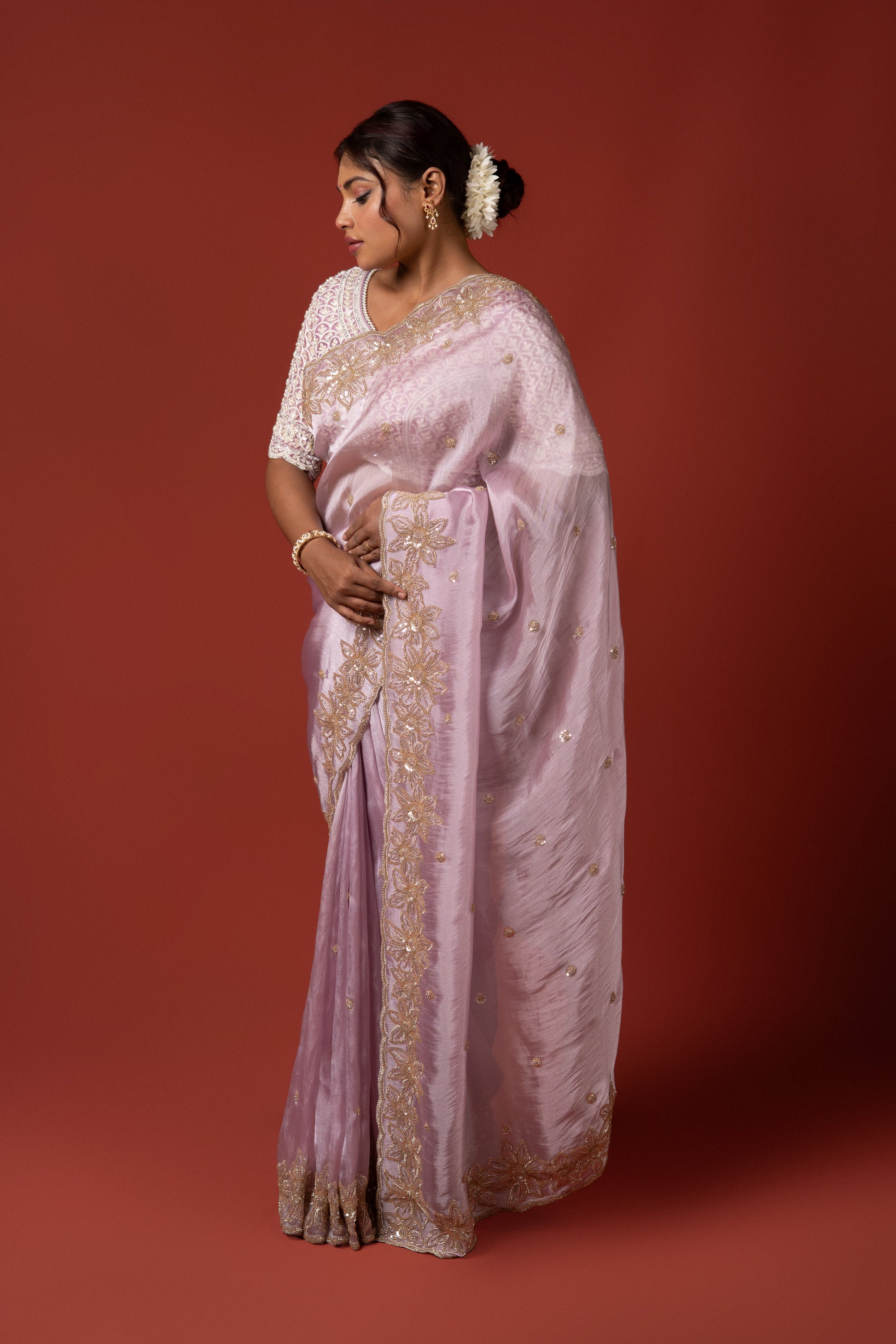 Elevate your wardrobe with our exclusive Pastel Purple Organza Saree with Stone Work. Featuring a beautiful Pastel Purple hue, this piece effortlessly blends timeless tradition with modern elegance. Ideal for festive occasions or everyday sophistication. Shop now and make it yours.
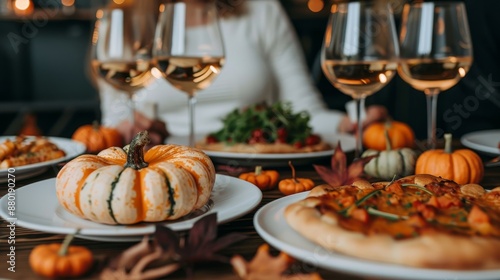 Happy couple enjoying a Halloween feast, table adorned with traditional seasonal dishes, emphasizing the festive and communal aspects of the holiday
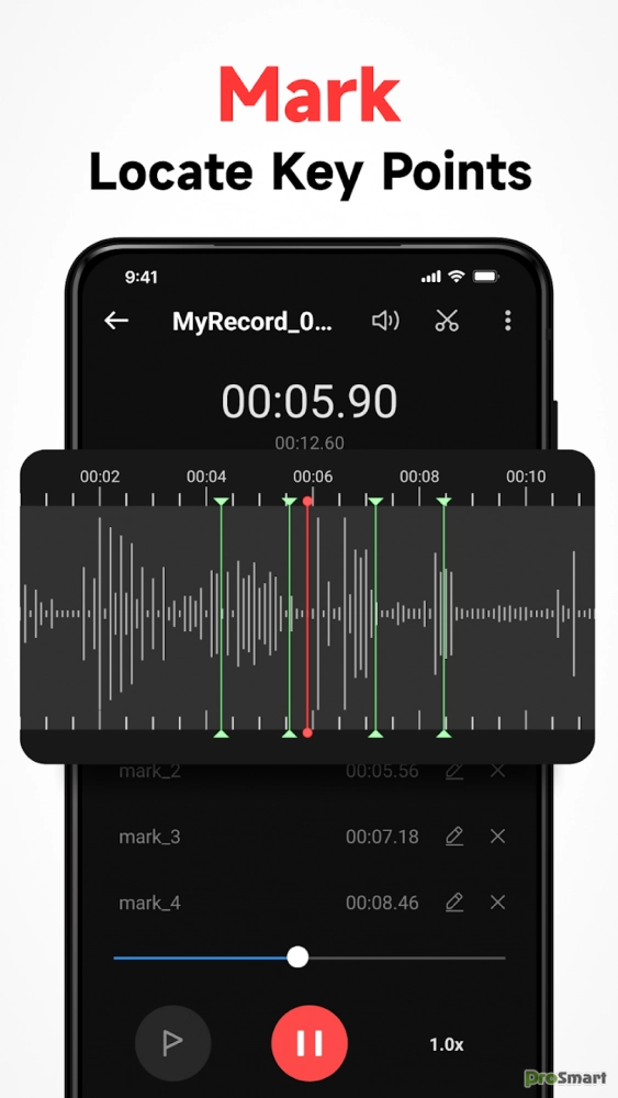 Этот режим позволяет добавлять маркеры во время записи, чтобы легко находить важные моменты во время воспроизведения. Кроме того, вы можете сортировать записи по имени, времени, размеру и продолжительности. Эта функция значительно повысит вашу эффективность!
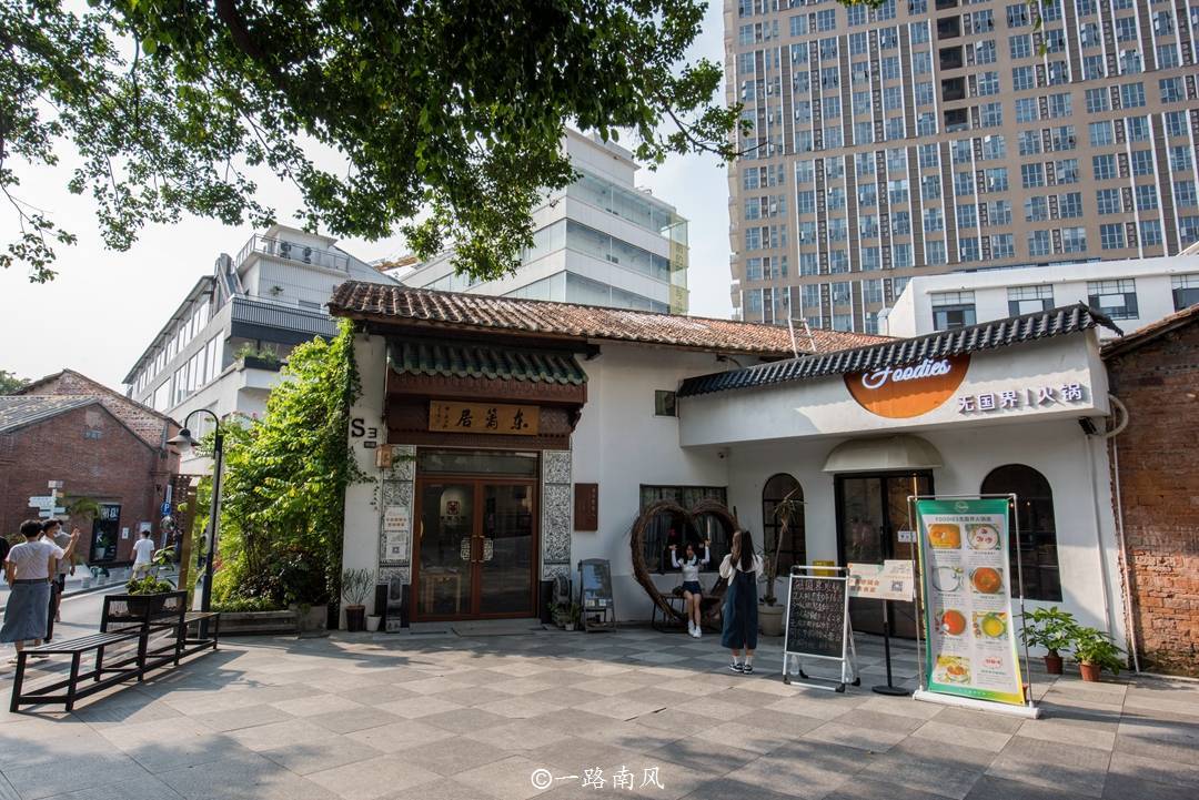 在這個創(chuàng)意園,我們可以找到很多氣質(zhì)獨(dú)特的建筑,找到很多適合拍照的地方,走累了也有地方喝東西,印象最深刻的是主入口的標(biāo)志性建筑特地設(shè)計(jì)成嶺南傳統(tǒng)庭院的形狀,穿過這個似門非門的建筑會看到港式飲品店、夜西坊、茶館、采耳店、雜貨鋪,甚至還有一間東平大押,這是廣州市的標(biāo)志式當(dāng)鋪,也是舊時的城市地標(biāo)。
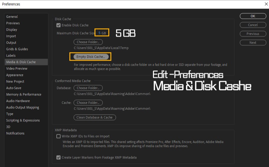 우클릭과 단축키는 없고, 메인 상단메뉴 Edit > Preferences > Media & Disk Cache를 누르고 창을 띄웁니다.

════

**Exercise:** All entries above, minus the pictures, should be repeated exactly.

**Solution:**
 Elevate your wardrobe with our exclusive Pastel Purple Organza Saree with Stone Work. Featuring a beautiful Pastel Purple hue, this piece effortlessly blends timeless tradition with modern elegance. Ideal for festive occasions or everyday sophistication. Shop now and make it yours.
 Happy couple enjoying a Halloween feast, table adorned with traditional seasonal dishes, emphasizing the festive and communal aspects of the holiday
 Этот режим позволяет добавлять маркеры во время записи, чтобы легко находить важные моменты во время воспроизведения. Кроме того, вы можете сортировать записи по имени, времени, размеру и продолжительности. Эта функция значительно повысит вашу эффективность!
 在這個創(chuàng)意園,我們可以找到很多氣質(zhì)獨(dú)特的建筑,找到很多適合拍照的地方,走累了也有地方喝東西,印象最深刻的是主入口的標(biāo)志性建筑特地設(shè)計(jì)成嶺南傳統(tǒng)庭院的形狀,穿過這個似門非門的建筑會看到港式飲品店、夜西坊、茶館、采耳店、雜貨鋪,甚至還有一間東平大押,這是廣州市的標(biāo)志式當(dāng)鋪,也是舊時的城市地標(biāo)。
 우클릭과 단축키는 없고, 메인 상단메뉴 Edit > Preferences > Media & Disk Cache를 누르고 창을 띄웁니다.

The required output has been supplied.